Once a dark area is identified and defined as an individual shadow, MBARS constructs a boulder object (an internally defined Python data structure) and begins the morphometric analysis portion. The G-H shadow delineation method (Golombek et al., 2008) uses an area-preserving fit, i.e., the resultant shadow ellipse had the same area as the initial shadow. We find that the area-preserving constraint did not improve fits and often led to less convergent solutions in our method. Instead of using the area preserving fit, we developed a new method based on the expected shape of the shadow according to our boulder model (Fig. 1). As described in section 2.3, a model boulder shadow is a portion of an ellipse extending from the base of the boulder, but this ellipse portion can be reflected to create a full ellipse, as shown in Fig. 1. This can be done on shadow observations in the same way, reflecting the anti-sunward shadow boundary across the sunward end of the shadow re-creating the full ellipse. The algorithm then, for each shadow, fits an ellipse to the combined original and reflected shadow boundaries (Figs. 1,4) using Orthogonal Distance Regression (ODR) based on the Levenberg-Marquardt procedure (Boggs et al., 1992). In practice this technique was more effective than fitting an ellipse to a shadow directly or attempting to fit a half-ellipse to the shadow. The fit is not fixed to align with the sunward and sun-perpendicular axes, as tests undertaken enforcing these constraints caused poorer fits. However, without constraining the orientation, ellipses are closely aligned (<1° difference) with those axes. With the shadow ellipse described, the boulder diameter and boulder height are measured from the sun-perpendicular and sun-parallel axes of the shadow ellipse (Figs. 1,4). Fits that return diameters or heights that are too large to likely be a boulder (i.e., >30 m) are not discarded but are marked as bad results. Bad results typically come from shadow casting topography (e.g., craters, knobs) or very small objects that produce shadows that are not well described by an ellipse. These boulder objects are retained in order to help distinguish when an object was not detected and when it was mis-measured. At this stage, a list of shadow objects, each containing information about the shadow, shadow ellipse, and boulder, is recorded for each image panel.
After an image panel is complete, the measured boulders are re-visited by MBARS, looking for overlapping shadows. First, all boulder objects with shadows that touch (i.e., have adjacent pixels) are considered as possible candidates for merging and are compiled into sets of boulder objects with touching shadows. These groups are typically chains or clusters of adjacent boulders or single boulders that have been incorrectly split by the watershed algorithm. MBARS first merges shadows of all objects in the group and recalculates the boulder object, following all the steps described above. If the shadow was fragmented incorrectly, this new, merged shadow should provide the best solution. Then, the algorithm uses k-means clustering to break the merged shadow into smaller shadows (k=2,3…n) up to n , the number of originally detected boulder objects in the group. If the group of shadows represents some number of clustered boulders, we expect the k-means solution where k is equal to the number of boulders to provide the best solution. For each potential solution, the fit error (provided by the ODR) for each boulder in the group is calculated and summed. We use the sum, as opposed to the average, of the fit error to bias the method towards fewer boulders. Without this bias, over splitting via k-means would likely lead to overfit shadow solutions and most shadow objects being broken down into the smallest possible components. The solution with the lowest total error is taken as final and saved.
Lists of all boulder objects in an image panel are stored as.shad files, a custom filetype created using the CPicklemodule of Python that serve as the initial record of boulders identified in the image. A second program, MBARS_ANALYSIS, has several built-in tools to analyze the boulder morphometry results from these original files. At the end of each run, MBARS automatically compiles the boulders detected in each image panel into a single table, containing the essential boulder data and coordinates.
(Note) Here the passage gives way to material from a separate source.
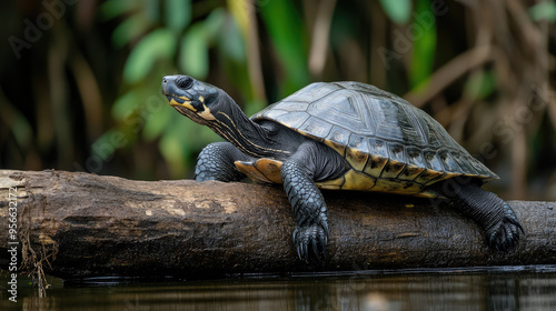 Giant river turtle basking on a log in the Amazon, its shell blending with the natural surroundings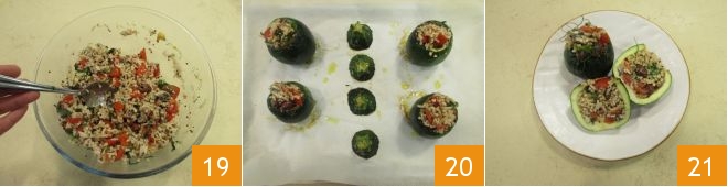 Mix everything 19 and use it to fill the zucchinis 20. At this point, you can serve them at room temperature 21 or keep them in the refrigerator until ready to enjoy.

3.4 MBARS Output and Calibration

MBARS outputs GIS-ready data tables which describe each boulder object in the analyzed image. To save space, only the most important parameters of each boulder object are included in this table. The imagevalue records the partition of the original image in which the boulder is located. The flag value (as discussed in 2.4.2) is a unique ID to the boulder within its partition. The xloc and ylocvalues give the x- and y- location of the boulder in meters Easting and Northing in the projection of the HiRISE image. The bouldwid ,bouldheight , and shadlen values give the boulder diameter and boulder height in meters and the shadow length in pixels. The last four parameter are related to the results of the ellipse-fitting process: measured, fitgood, and fiterr record whether the boulder was measured by the algorithm, the quality of the fit of the ellipse to the shadow boundary, and the error on the ODR fit respectively.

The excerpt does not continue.